Cole esitò. Non era sicuro di potersi avvicinare senza causare spavento e inquietudine sulla giovane ragazza, ma dalla posa, e forse dello sguardo perso in un punto vuoto, pareva essere triste. E quale evento aveva osato intaccare il suo dolce animo, non lo avrebbe voluto scoprire. Perché quella visione era tanto bella e ancestrale che anche un solo fiato avrebbe interrotto tutto, rovinando l'atmosfera.
Non si accorse però della ghiaietta appena prima dei suoi piedi, che divideva il meleto dal balcone naturale che aveva reso il paesaggio un Belvedere; un solo passo fece trasalire la giovane facendola voltare di scatto. A Cole venne davanti la visione angelica del suo viso, rovinato, se possibile, da due scie di lacrime pronunciate che le avevano bagnato le guance rosee.
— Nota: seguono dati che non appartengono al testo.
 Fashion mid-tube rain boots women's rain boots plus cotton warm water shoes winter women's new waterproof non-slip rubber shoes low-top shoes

"Scusa" disse con un tono rassicurante, in modo che la ragazza non si spaventasse del tutto, "Non era mia intenzione disturbarti... ciao" si avvicinò piano abbozzando un leggero sorriso, cauto, senza che lei potesse avvertire un possibile pericolo. Era plausibile in fondo, non si erano mai visti e a giudicare dalla figura completa, adesso che la luce calda del sole aveva permesso di metterla del tutto a fuoco, un evidente segno sul viso non prometteva nulla di buono.
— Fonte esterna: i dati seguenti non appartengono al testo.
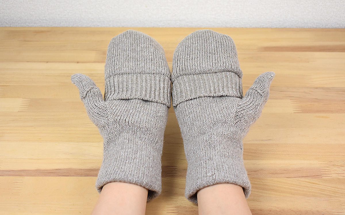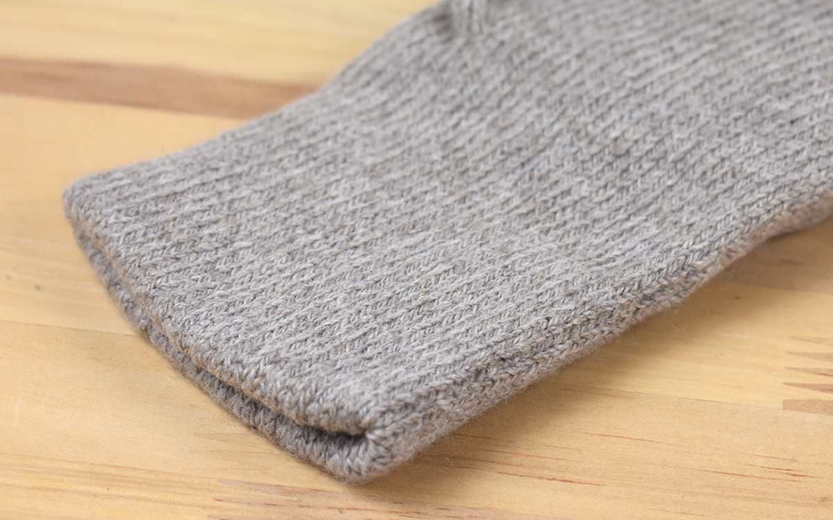 ウール入りの素材を編んで二重に仕立てたフリーサイズの同商品。生地に厚みがあり、長さも手首までしっかり覆えるほど余裕があります。ちなみに今回はペールブラウンを選びましたが、他にダークグレーとモカブラウンも展開されているので好みの色合いを見つけてくださいね。

"Per favore..." mormorò la ragazza al terzo passo del giovane, "Non dirgli che sono qui... non vogliono che esca durante il turno..."
Che cosa potesse mai succedere, da dove venisse per avere quel terrore, a Cole la domanda martello la mente costringendolo a fermarsi: "Non puoi uscire...? Perché?"
La donnina abbassò lo sguardo, i segni di paura le stavano scivolando via dal corpo come le lacrime grandi che aveva ripreso a scorrere lungo il viso: "La proprietaria del locale ci proibisce di uscire in pieno giorno, non vuole che sprechiamo le forze inutilmente prima della sera, dove l'attività è più intensa".
Di locali in quella città ce n'erano tanti, quasi fossero apparsi nella notte come funghi. Quella fu un'altra informazione che Cole non volle sapere subito, e anche se la lista si stava allungando, nel vedere quella poverina ridotta in quello stato gli impedì di essere anche solo un filo sfacciato. Si avvicinò piano, fino a trovarsi a pochi centimetri da lei, e come se qualcuno gli avesse sussurrato che era la cosa giusta da far, si ritrovò ad avvolgerla con le sue forti braccia, rassicurandola con lievi sussurri. Un gesto banale, forse impacciato, forse lei avrebbe frainteso. Ma in quel momento tanto delicato non era riuscito a trattenersi, forse il sentirla sfogarsi del tutto gli aveva dato la forza necessaria per non mollare la presa.
Te lo ha fatto lei, questo? Chiese una volta che la loro connessione di corpi fu interrotta.
"No..." la giovane scosse la testa, "... mio padre".
"Tuo padre?"
"Ho cercato di farmi valere, gli ho detto che non voglio più fare quel lavoro... ma non ha voluto capire".
"E quale essere ignobile può agire così, davanti alla propria figlia?"
"Non biasimarlo. Per noi non è semplice sfamare tutti i membri della famiglia".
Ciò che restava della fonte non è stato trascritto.